Financial advisors who sell insurance should be able to register in more than one state at the same time by mid-2016, predicted lobbyists after the U.S. Senate passed a measure establishing a multi-state licensing system for financial professionals.

The creation of the National Association of Registered Agents and Brokers is part of a bill re-enacting the Terrorism Risk Insurance Program, passed by the Senate Thursday afternoon 93-4. It is now on its way to the president’s desk.

While the Obama administration has not come out with a position on the legislation, heavy Democratic congressional support virtually ensures his signature.

One benefit of the bill for financial advisors is that it will make it easier to sell annuities to clients who move out of state.

Lee Covington, an executive at the Insured Retirement Institute, an annuities industry trade group, told Financial Advisor that advisors can probably expect to be able to register in several states simultaneously within a year and a half.

Covington noted the groundwork has been laid to beat the two-year deadline for multi-state registration in the law.

“We’re not starting from scratch,” he said. “We have the model state rules in place.

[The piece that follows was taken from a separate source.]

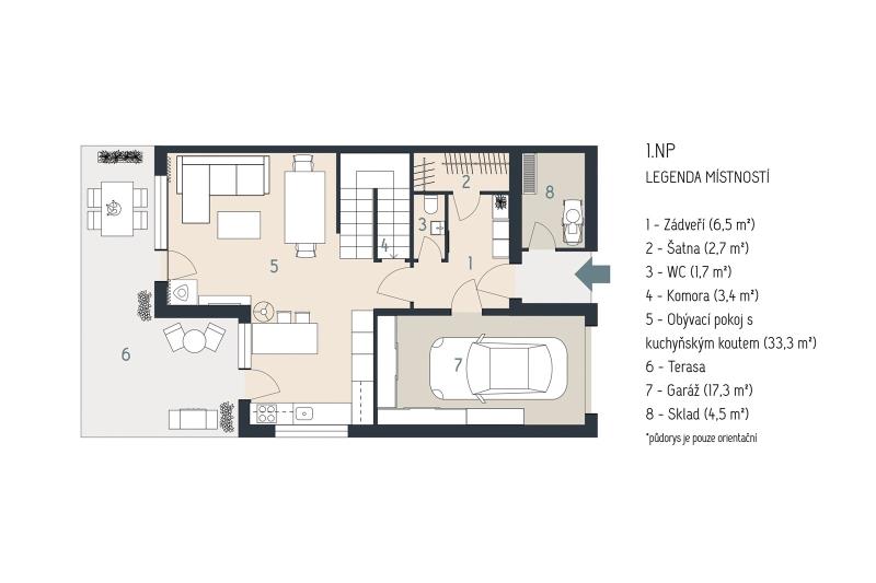 Nabízíme prodej řadového rodinného domu o užitné ploše 130m2 na pozemku 278m2 v žádané lokalitě nová Valcha. Novostavba je dispozičně řešena jako 4kk s garáží, balkónem, terasou a zahradou. K domu náleží čtyři venkovní parkovací stání na vlastním pozemku přímo před domem. Dvě z nich je možné zastřešit pergolou. V přízemí nalezneme hlavní obývací prostor s kuchyňským koutem a jídelnou s přístupem na terasu i zahradu. Dále je zde garáž opatřena elektrickými vraty propojena se vstupní chodbou s šatnou a samostatnou toaletou. V druhém nadzemním podlaží je hlavní ložnice s vlastní koupelnou a šatnou, která se dá využít jako samostatný dětský pokoj. Z ložnice i z šatny je samostatný výstup na balkón nad terasou. Na patře dále najdeme hlavní koupelnu a pokoj. Nemovitost je napojena na veškeré inženýrské sítě. Vytápění a ohřev teplé vody zajišťuje plynový kotel. V zimě možnost využití krbových kamen jako sekundární zdroj vytápění. Energetická náročnost budovy je C. Lokalita nové Valchy nabízí bohaté možnosti pro volnočasové aktivity a relaxaci, je velmi žádaná a známá pro své umístění v klidném prostředí a svou dobrou dostupností do města Plzně. Tato nemovitost představuje unikátní spojení moderního bydlení, praktického uspořádání interiéru a atraktivní lokality, které spolu vytváří ideální prostor pro život. Pro další informace nebo domluvení prohlídky neváhejte kontaktovat makléře.

We have the technology in place to make the states’ license registrations conform with each other. People are eager to have NARAB become operational.”

Factors that could accelerate or slow down the start include the speed at which the Senate confirms board members and the board’s seed work, he noted.

NARAB will consist of 13 members appointed by the president with the advice and consent of the Senate. Five members will be representatives of the insurance industry. Political affiliation is not a criterion for their selection, according to the legislation.

However, the remaining eight members, past and present state insurance commissioners, must be divided equally between Democrats and Republicans.